┏━━

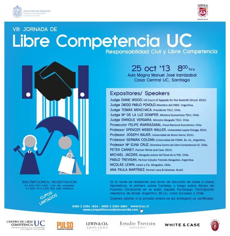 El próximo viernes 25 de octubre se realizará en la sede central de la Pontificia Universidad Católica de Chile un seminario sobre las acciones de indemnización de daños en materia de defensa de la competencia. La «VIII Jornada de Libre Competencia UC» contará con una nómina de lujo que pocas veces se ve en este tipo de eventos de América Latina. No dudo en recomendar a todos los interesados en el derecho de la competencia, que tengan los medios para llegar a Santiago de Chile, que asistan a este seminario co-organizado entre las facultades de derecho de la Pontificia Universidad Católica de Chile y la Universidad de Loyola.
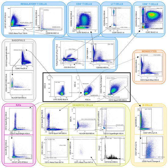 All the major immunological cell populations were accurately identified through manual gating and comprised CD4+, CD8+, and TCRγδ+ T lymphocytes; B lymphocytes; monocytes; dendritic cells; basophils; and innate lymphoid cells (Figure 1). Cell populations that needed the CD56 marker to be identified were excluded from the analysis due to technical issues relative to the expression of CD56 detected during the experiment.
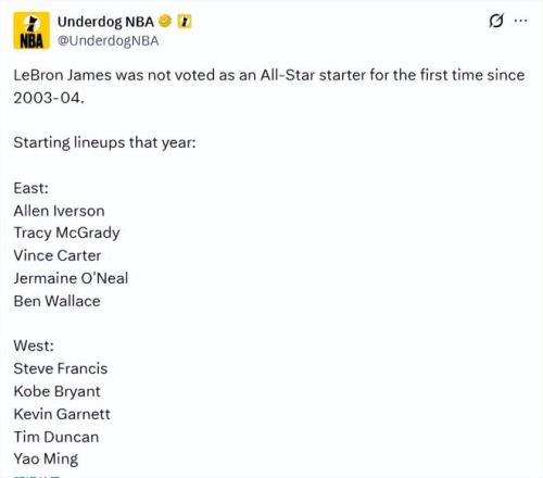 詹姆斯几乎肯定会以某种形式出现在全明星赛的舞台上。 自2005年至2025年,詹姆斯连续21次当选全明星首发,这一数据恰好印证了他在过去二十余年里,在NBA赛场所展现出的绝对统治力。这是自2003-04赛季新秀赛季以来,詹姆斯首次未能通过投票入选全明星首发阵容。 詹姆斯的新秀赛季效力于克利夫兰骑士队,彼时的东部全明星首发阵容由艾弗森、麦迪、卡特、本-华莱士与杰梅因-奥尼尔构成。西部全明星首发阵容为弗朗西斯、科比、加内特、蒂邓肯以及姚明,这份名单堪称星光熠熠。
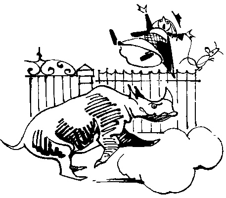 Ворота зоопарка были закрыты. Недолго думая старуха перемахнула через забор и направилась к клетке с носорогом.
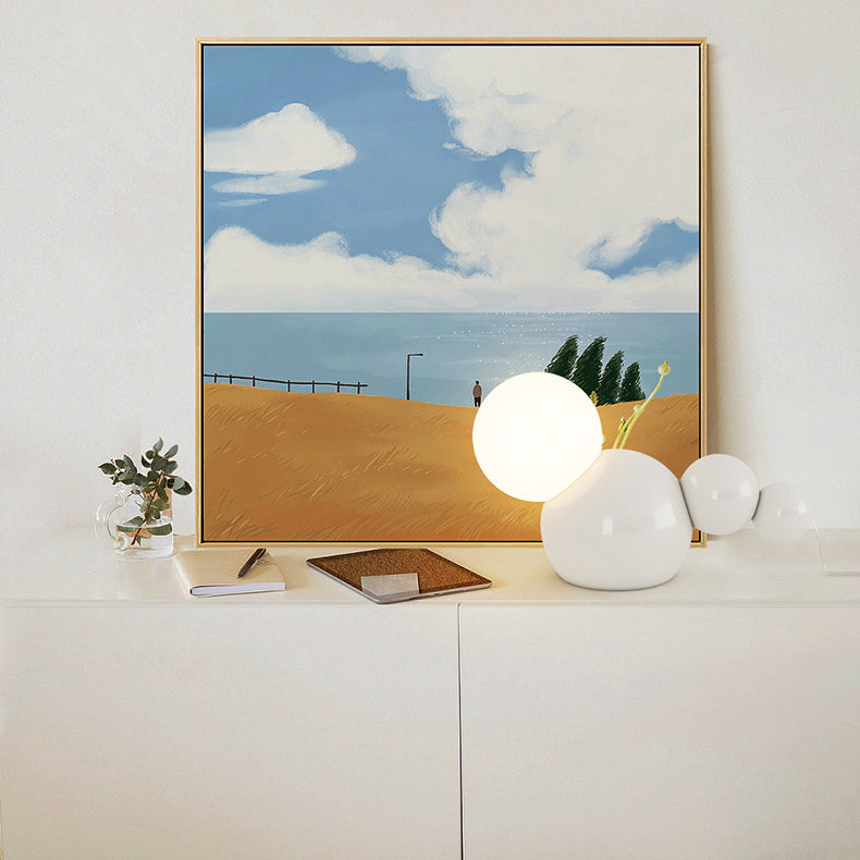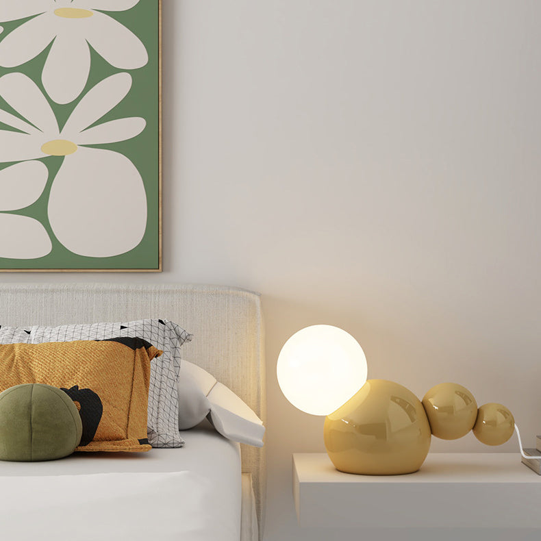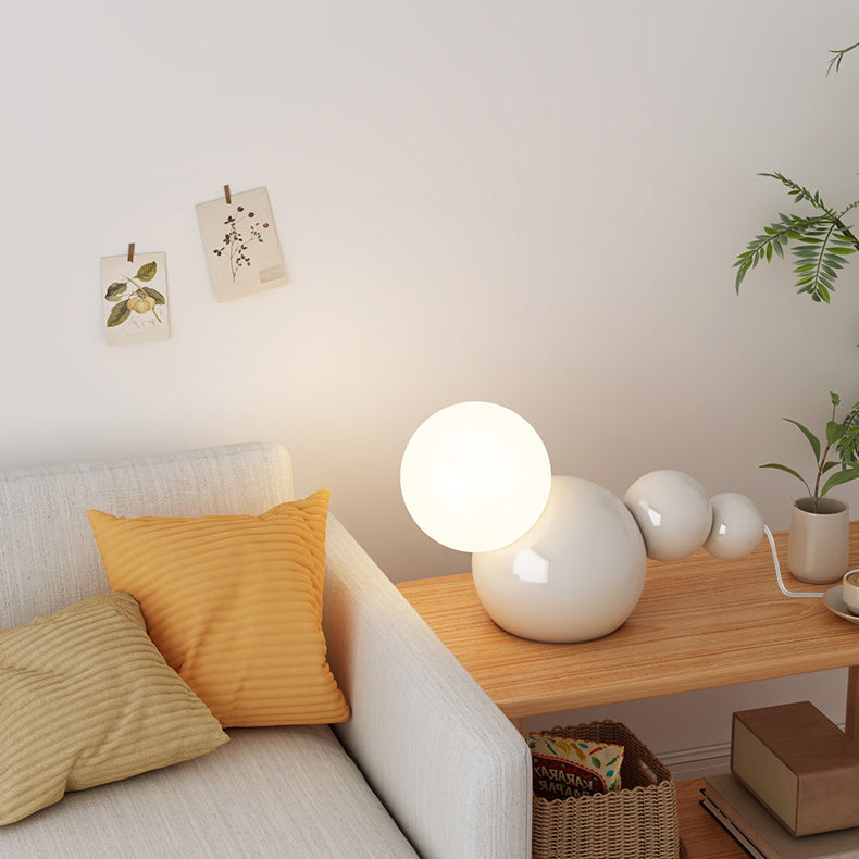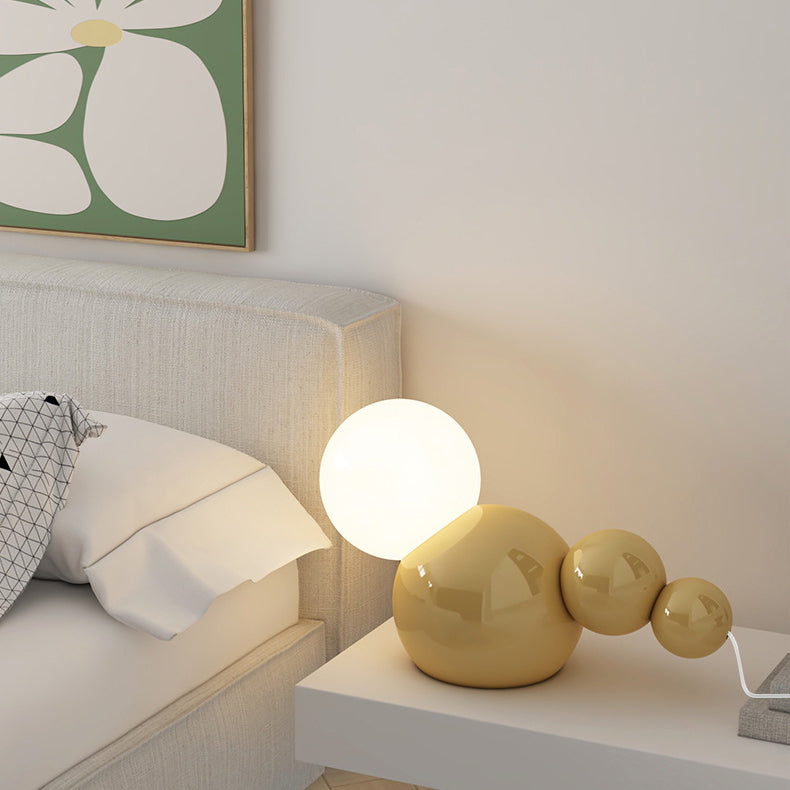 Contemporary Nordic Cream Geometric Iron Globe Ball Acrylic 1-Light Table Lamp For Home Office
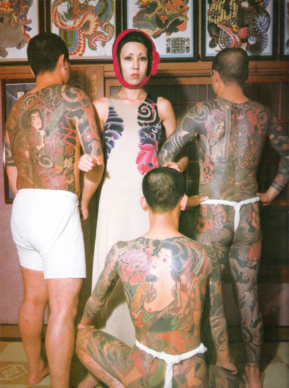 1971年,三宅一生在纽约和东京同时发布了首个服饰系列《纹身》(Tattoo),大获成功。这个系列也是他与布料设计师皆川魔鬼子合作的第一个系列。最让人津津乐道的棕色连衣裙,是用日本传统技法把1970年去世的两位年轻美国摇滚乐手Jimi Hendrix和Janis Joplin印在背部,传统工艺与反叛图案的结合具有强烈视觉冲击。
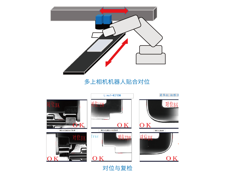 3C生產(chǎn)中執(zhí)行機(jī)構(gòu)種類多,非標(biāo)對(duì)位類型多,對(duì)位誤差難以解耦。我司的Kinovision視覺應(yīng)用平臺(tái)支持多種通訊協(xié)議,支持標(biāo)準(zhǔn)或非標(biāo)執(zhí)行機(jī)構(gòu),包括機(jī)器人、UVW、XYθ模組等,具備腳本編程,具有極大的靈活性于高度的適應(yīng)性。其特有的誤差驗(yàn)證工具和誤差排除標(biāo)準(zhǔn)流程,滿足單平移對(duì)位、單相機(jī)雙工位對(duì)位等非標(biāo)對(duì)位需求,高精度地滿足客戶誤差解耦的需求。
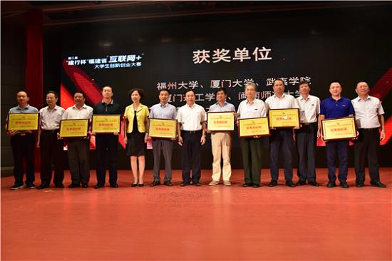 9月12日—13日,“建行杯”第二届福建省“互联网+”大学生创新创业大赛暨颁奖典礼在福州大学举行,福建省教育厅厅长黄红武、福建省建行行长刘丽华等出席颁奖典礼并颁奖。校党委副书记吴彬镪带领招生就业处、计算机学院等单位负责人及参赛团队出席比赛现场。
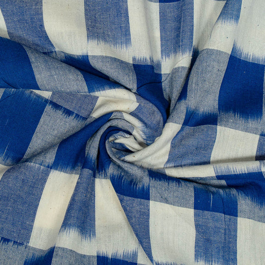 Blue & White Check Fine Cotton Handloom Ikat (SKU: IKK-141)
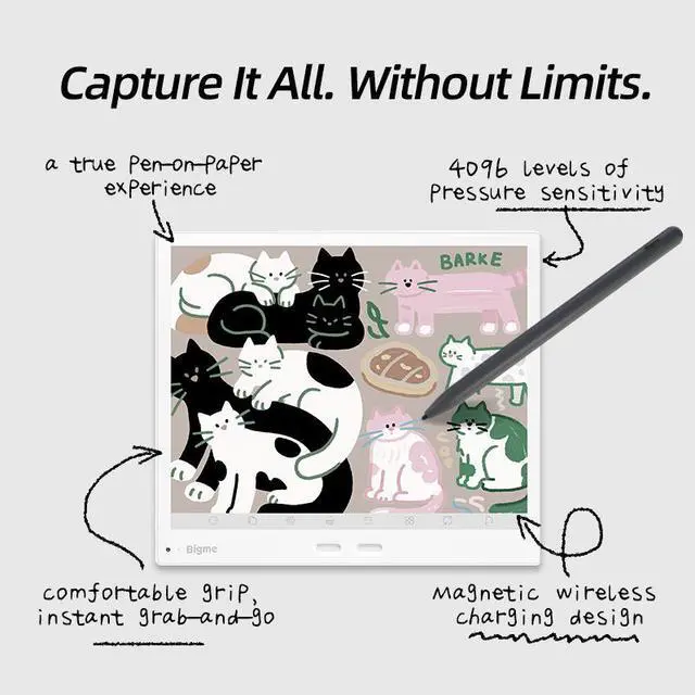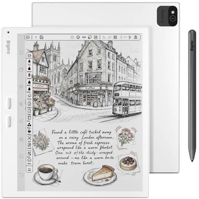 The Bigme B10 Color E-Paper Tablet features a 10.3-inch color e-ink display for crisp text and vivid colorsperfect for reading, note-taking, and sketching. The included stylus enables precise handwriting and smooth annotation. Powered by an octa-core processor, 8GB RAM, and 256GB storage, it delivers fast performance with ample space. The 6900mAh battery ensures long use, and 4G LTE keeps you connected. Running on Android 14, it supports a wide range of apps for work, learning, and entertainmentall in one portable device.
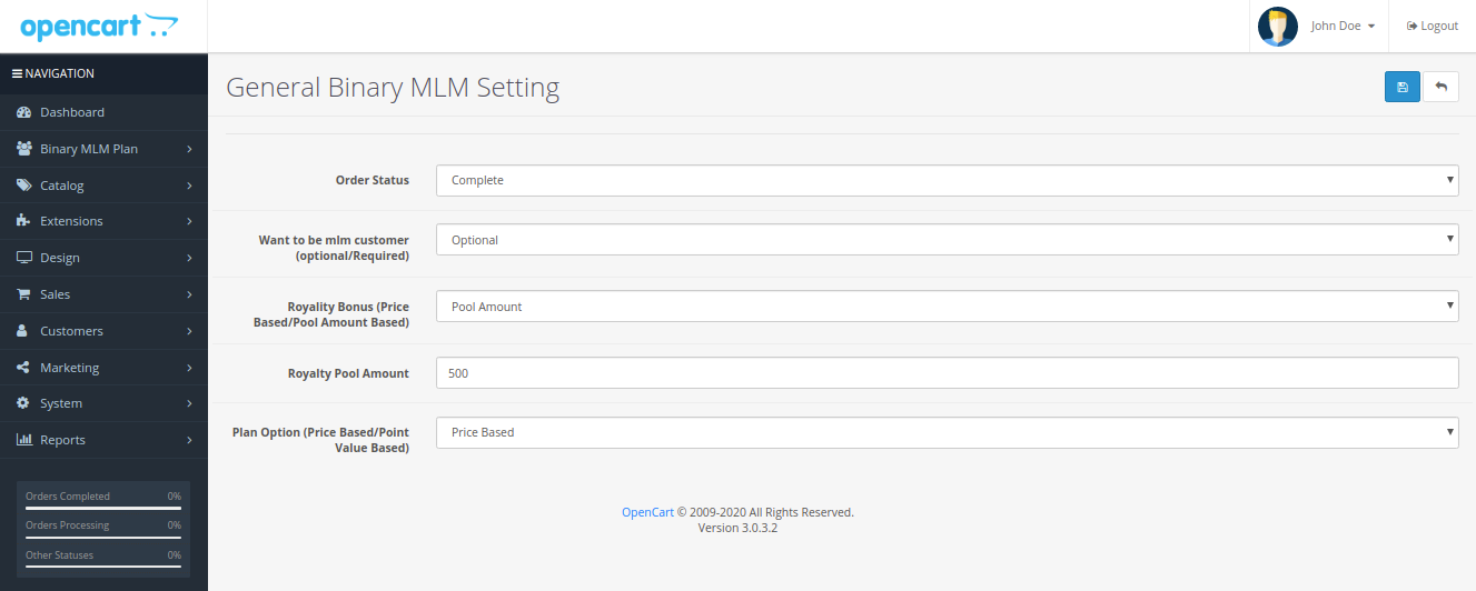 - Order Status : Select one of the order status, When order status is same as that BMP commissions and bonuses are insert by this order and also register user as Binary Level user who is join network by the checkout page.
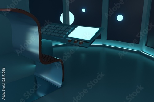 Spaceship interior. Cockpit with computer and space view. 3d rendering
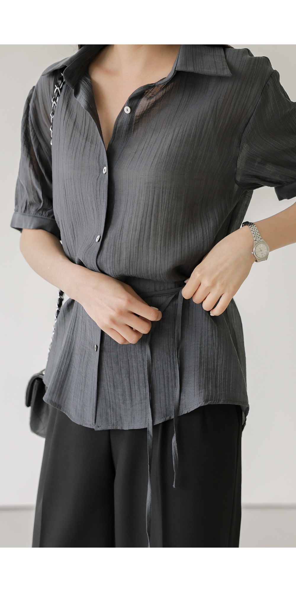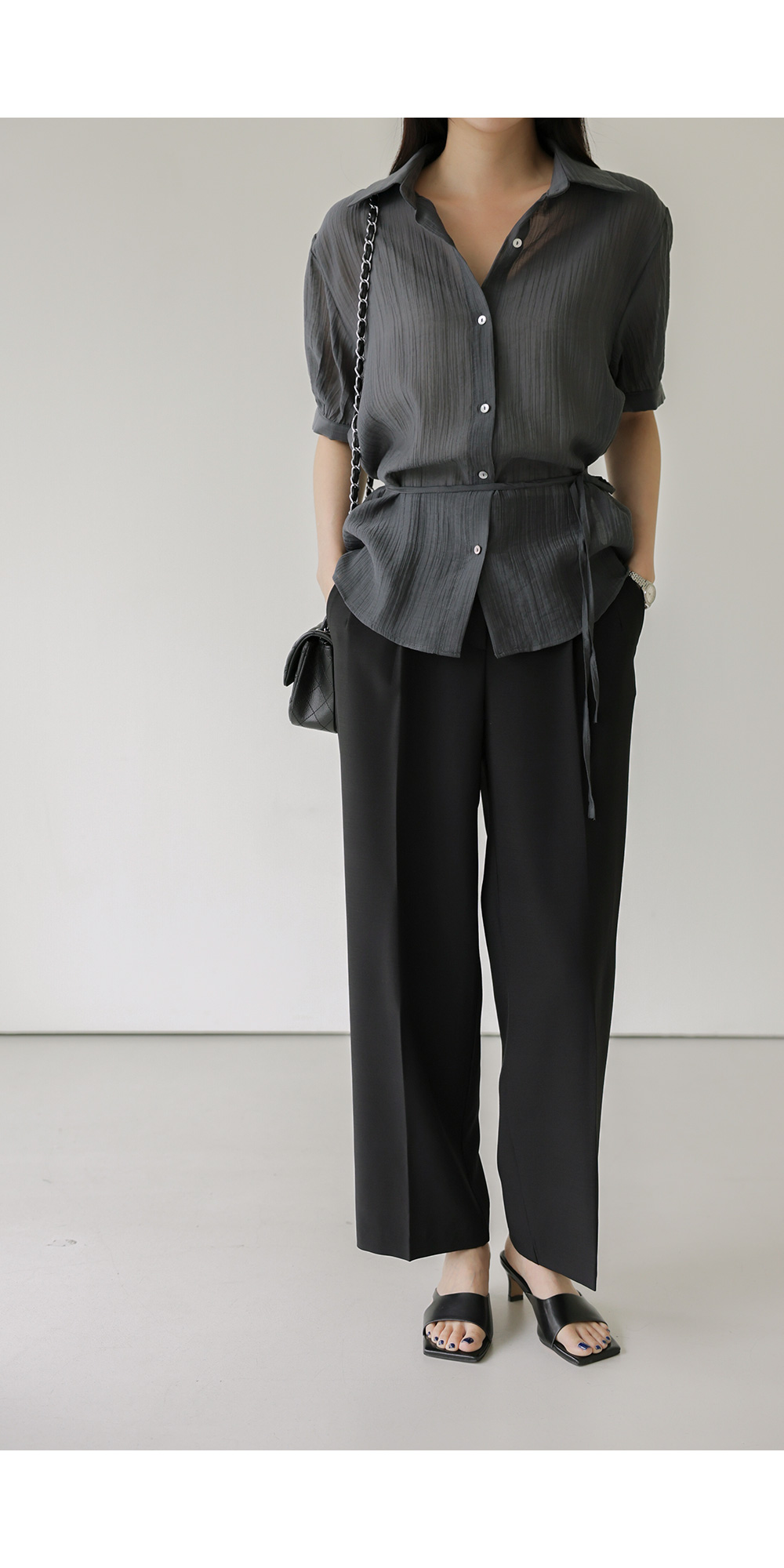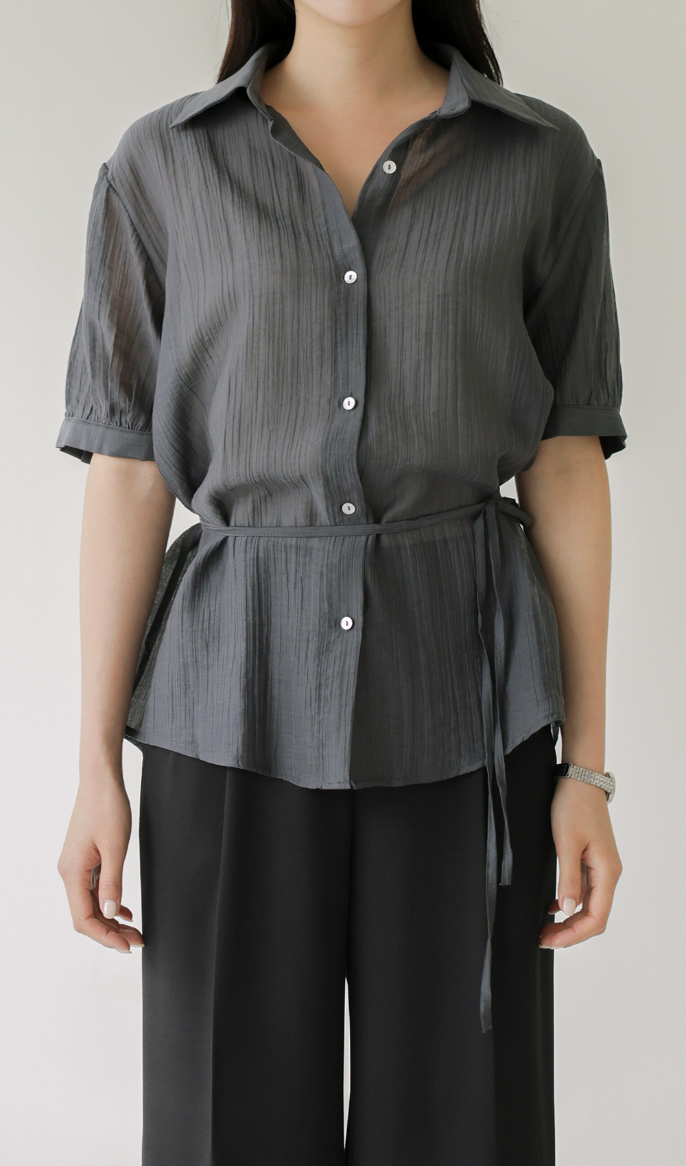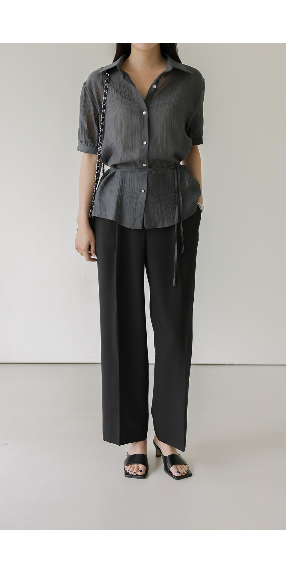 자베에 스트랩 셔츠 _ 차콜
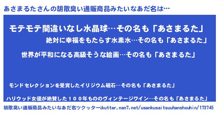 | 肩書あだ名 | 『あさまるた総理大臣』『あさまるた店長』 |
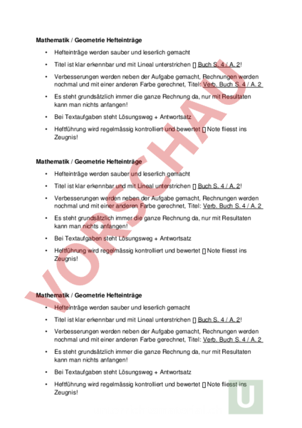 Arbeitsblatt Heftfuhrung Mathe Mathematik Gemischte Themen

┗━━

Look above for the line with "Ворота зоопарка были" and the line with "Blue & White", then copy them and all lines in between exactly as written, and only those, without any pictures.

 Ворота зоопарка были закрыты. Недолго думая старуха перемахнула через забор и направилась к клетке с носорогом.
 Contemporary Nordic Cream Geometric Iron Globe Ball Acrylic 1-Light Table Lamp For Home Office
 1971年,三宅一生在纽约和东京同时发布了首个服饰系列《纹身》(Tattoo),大获成功。这个系列也是他与布料设计师皆川魔鬼子合作的第一个系列。最让人津津乐道的棕色连衣裙,是用日本传统技法把1970年去世的两位年轻美国摇滚乐手Jimi Hendrix和Janis Joplin印在背部,传统工艺与反叛图案的结合具有强烈视觉冲击。
 3C生產(chǎn)中執(zhí)行機(jī)構(gòu)種類多,非標(biāo)對(duì)位類型多,對(duì)位誤差難以解耦。我司的Kinovision視覺應(yīng)用平臺(tái)支持多種通訊協(xié)議,支持標(biāo)準(zhǔn)或非標(biāo)執(zhí)行機(jī)構(gòu),包括機(jī)器人、UVW、XYθ模組等,具備腳本編程,具有極大的靈活性于高度的適應(yīng)性。其特有的誤差驗(yàn)證工具和誤差排除標(biāo)準(zhǔn)流程,滿足單平移對(duì)位、單相機(jī)雙工位對(duì)位等非標(biāo)對(duì)位需求,高精度地滿足客戶誤差解耦的需求。
 9月12日—13日,“建行杯”第二届福建省“互联网+”大学生创新创业大赛暨颁奖典礼在福州大学举行,福建省教育厅厅长黄红武、福建省建行行长刘丽华等出席颁奖典礼并颁奖。校党委副书记吴彬镪带领招生就业处、计算机学院等单位负责人及参赛团队出席比赛现场。
 Blue & White Check Fine Cotton Handloom Ikat (SKU: IKK-141)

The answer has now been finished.